There had been a shower the night
before and the dust was laid. They went over
Second Street to the East River, where one or two blocks
were quite given over to colored people. There
was an African M. E. church, that the little girl
was very curious to see. Folks said in revival
times they danced for joy. Crowds used to go to
hear the singing.
“But do they dance?” asked
the little girl wonderingly. She couldn’t
quite reconcile it with the gravity of worship.
“They simply march up and down
the aisles keeping time to the tunes. Well-the
Shakers dance in the same fashion.” Stephen
had been up to Lebanon.
Then a little farther on was another
Methodist church, where several notable lights had
preached. Nearer the river were some queer old
houses, and at almost every corner a store. Saloons
were a rarity. Over yonder was Williamsburg,
up a little farther Astoria, just a place of country
greenery. There were a few boats going up and
down, and the ferry-boats crossing.
The houses were no longer in rows.
There were some vegetable gardens, and German women
were weeding in them; then tracts of rather rocky land,
wild and unimproved. After a while it began to
grow more diversified and beautiful-country
residences and well-kept grounds full of shrubbery
at the front and vegetables in the rear, with barns
and stables, betraying a rural aspect. The air
was so sweet and fresh.
“Oh!” exclaimed Margaret,
“Annette Beekman must live somewhere about here.

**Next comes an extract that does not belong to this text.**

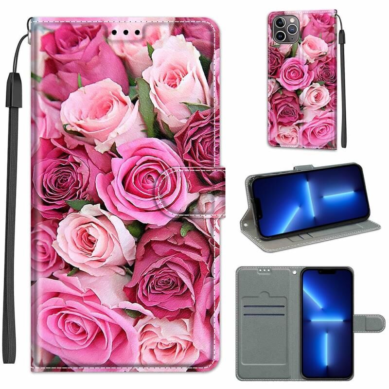 For iPhone 13 Pro Max Voltage Colored Drawing Magnetic Clasp Horizontal Flip PU Leather Case with Holder & Card Slots (C17 Green Leaf Pink Rose)

I promised her we would come up some day.”
Stephen turned into a country road.
There were many grand old elms, hemlocks, pines, and
fruit-trees as well. A table stood under one,
and some ladies were sitting there sewing and chatting,
while several children ran about. And while they
were glancing at them a girl in a pretty blue muslin
sprang up and ran down to the wide-open gate.
“Oh, Margaret!” cried
Annette Beekman. “Why, this is lovely of
you, Stephen! Can’t you turn in and stop
a while with us?”
“I’m showing Margaret
New York,” said Steve, with his pleasant laugh.

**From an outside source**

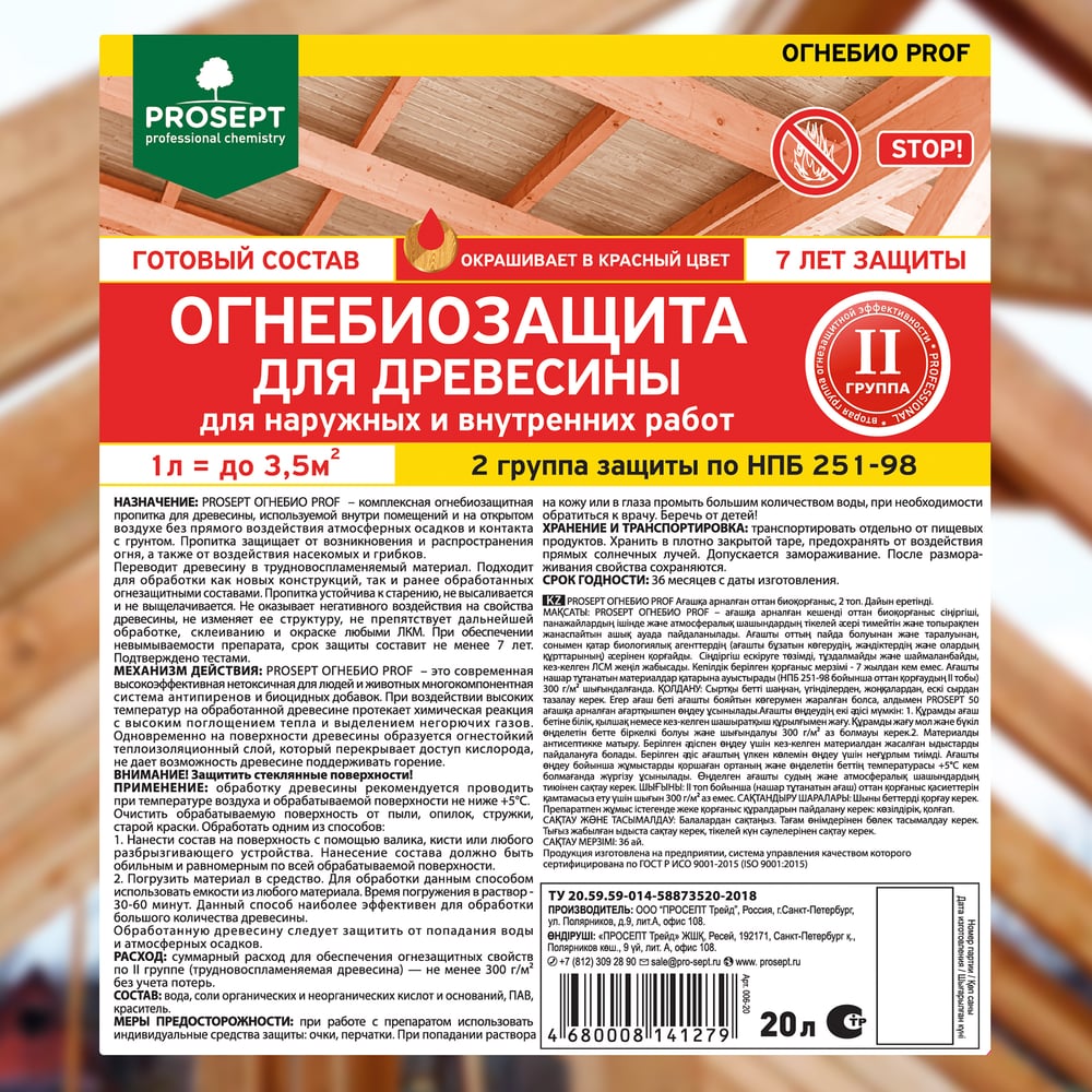 Огнебиозащита для древесины PROSEPT ОГНЕБИО PROF 006-20к

“She has begun to think straight down to Rutgers
Institute comprised every bit there was of it.”
“Oh, Stephen!” deprecatingly.
Some one else came out; a fair, tall
girl with great braids of flaxen hair and a silver
comb in the top to make her look taller still.
She smiled very sweetly.
“Oh, Mr. Underhill!” she exclaimed.
“This is my big sister and this
is my little one,” explained Stephen. “And
this,” to Margaret, “is Miss Dolly Beekman.”
A warm color rose in Margaret’s
cheeks as a half-suspicion stole over her.
“You must get out and rest a
while after this long ride,” said Miss Dolly
with winsome cordiality. “The rain last
evening was delightful, but the day is warm.
We are all living out-of-doors, as you see. And
this, I suppose, is your little sister? Drive
up and help the girls out, and then go round to the
barn. You will find some one there.”
Stephen wound slowly up the driveway,
nodding to the group of ladies. Dolly walked
along the grassy path. She wore a white dotted
suisse gown with a “baby waist,” and had
a blue satin sash with ends that fell nearly to the
bottom of the skirt. Her sleeves came to the elbow
and were composed of three rather deep ruffles edged
with lace. Round her pretty white neck she had
an inch-wide black velvet, fastened with a tiny diamond
that Stephen had brought her a week ago. She looked
like a picture, Margaret thought, and later her portrait
in costume was exhibited at the Academy of Design.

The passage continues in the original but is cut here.